Subclasses inherit the attributes and relationships of the superclass. Constraints include disjoint vs overlapping and total vs partial participation.

(c) Aggregation (2 marks)

Aggregation is an abstraction that treats a relationship (together with its participating entities) as a single higher-level entity, so that this relationship can itself participate in another relationship.
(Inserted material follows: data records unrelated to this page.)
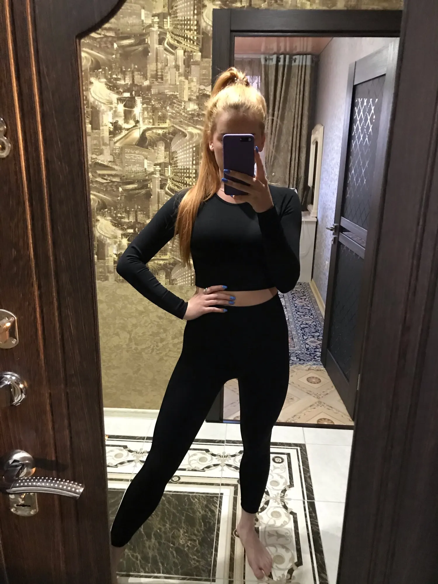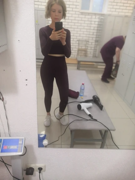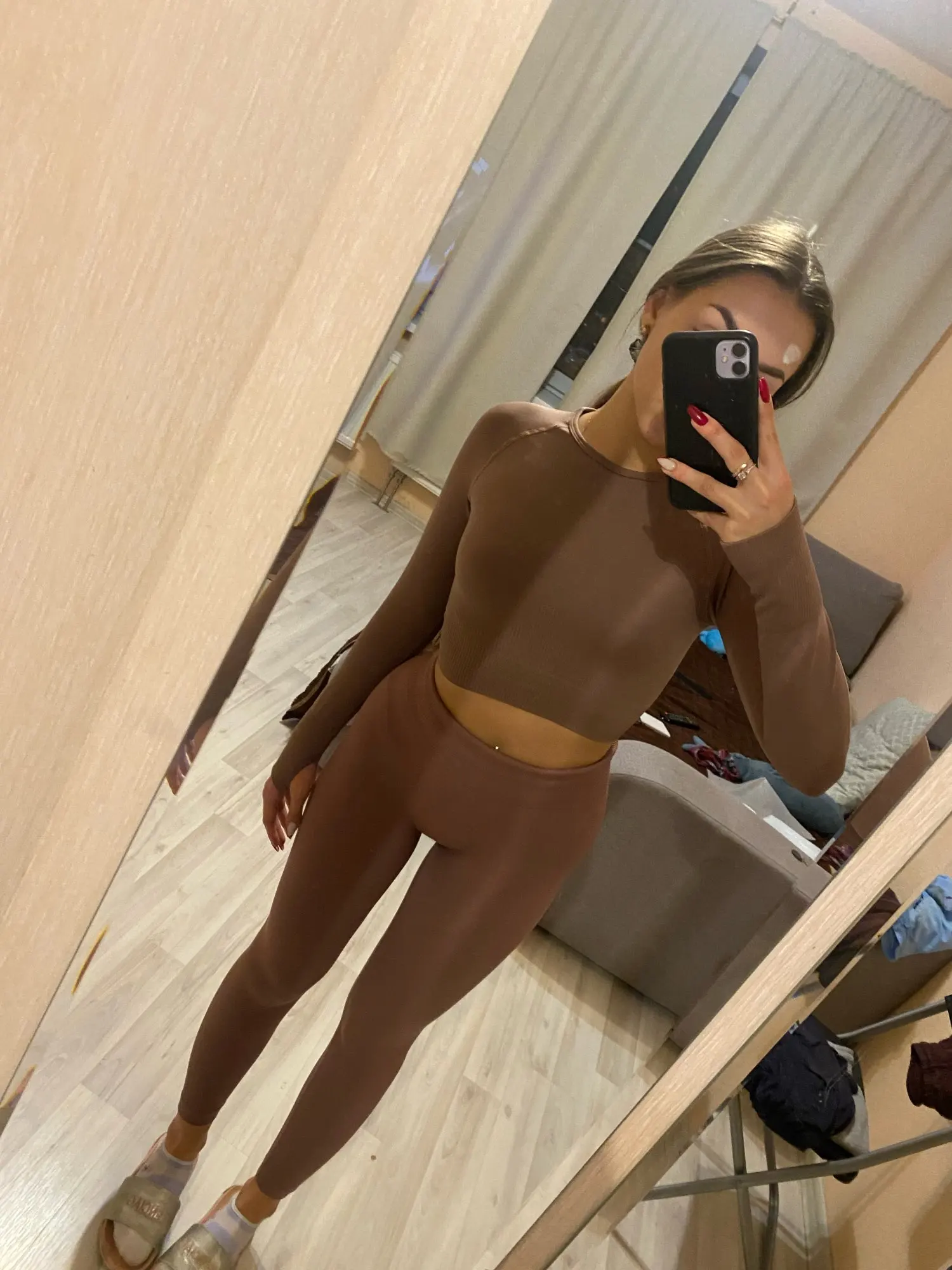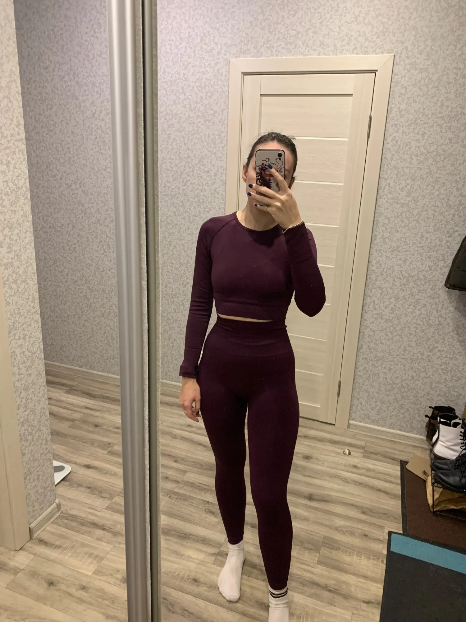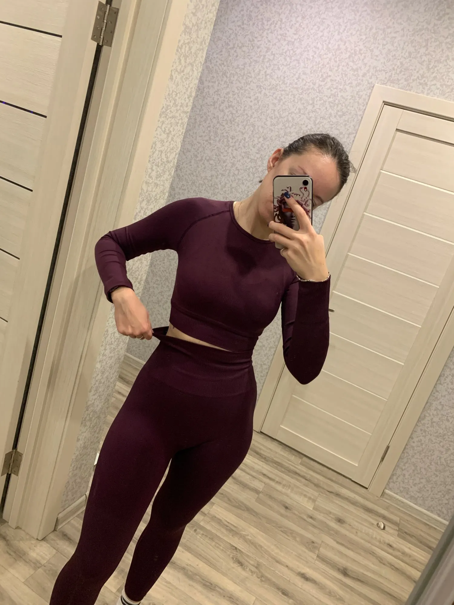 Фантастический набор. Он идеально подходит к телу. Леггинсы имеют высокую талию, поэтому недостатки живота рассеиваются. И он идеально подходит.
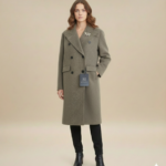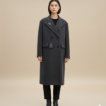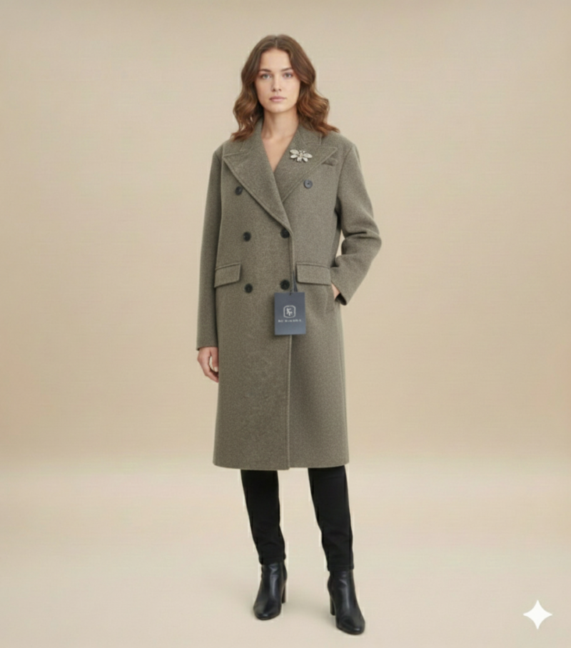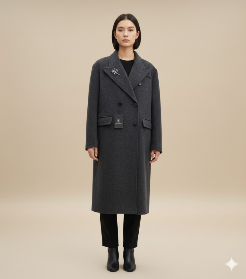 Manteau long à coupe droite avec un col large et des manches boutonnées .
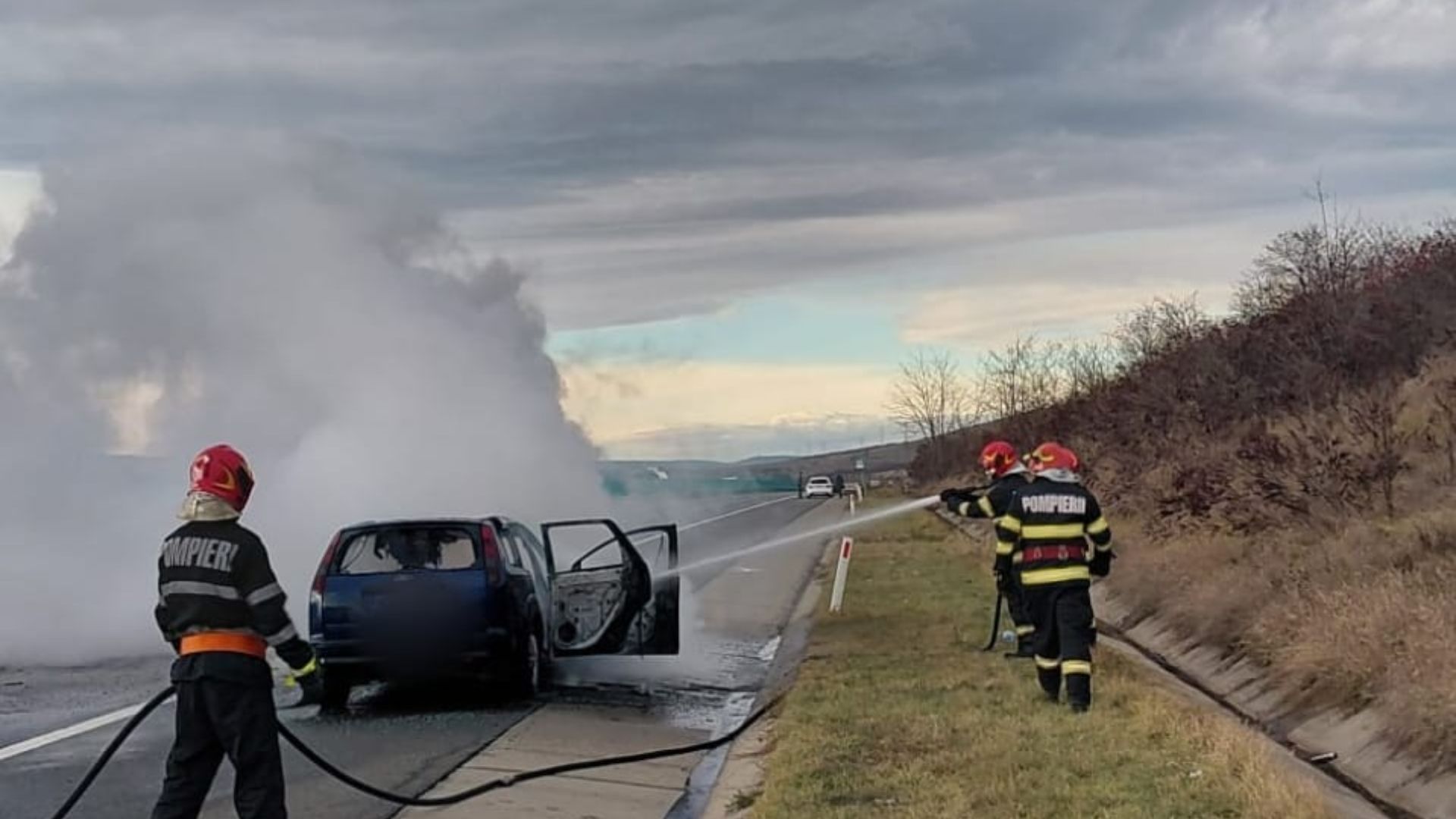 O mașină a fost cuprinsă de flăcări pe autostrada A3, pe sensul Turda - Gilău, în urmă cu câteva momente. Intervenția rapidă a pompierilor din cadrul Detașamentului Turda a prevenit extinderea incendiului și posibile tragedii.
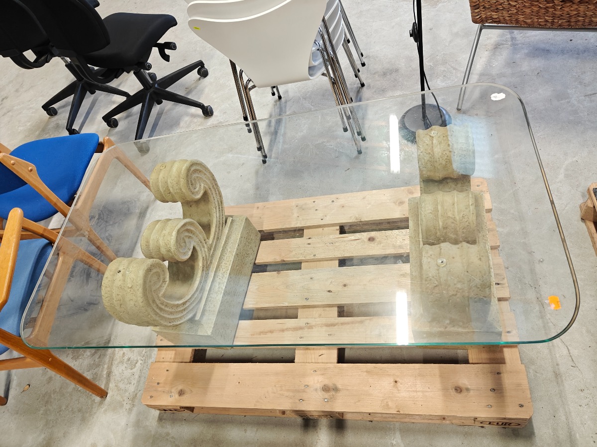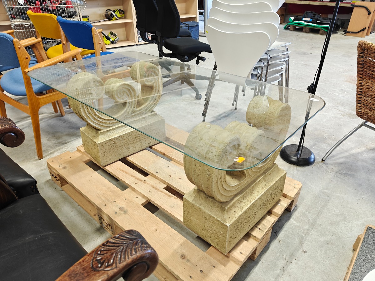 Sofabord på sokkel af fiberbeton med rektangulær topplade af glas med afrundede hjørner. 120 x 70 cm.

It overcomes the ER-model limitation that a relationship cannot directly link to another relationship.

Example: the relationship WORKS_ON between EMPLOYEE and PROJECT is aggregated into one unit; a MANAGER entity then has a MANAGES relationship to this aggregated WORKS_ON, expressing that a manager supervises the assignment of an employee to a project (not just an employee or a project separately). It is drawn by enclosing the WORKS_ON relationship and its entities in a box and connecting MANAGES to that box.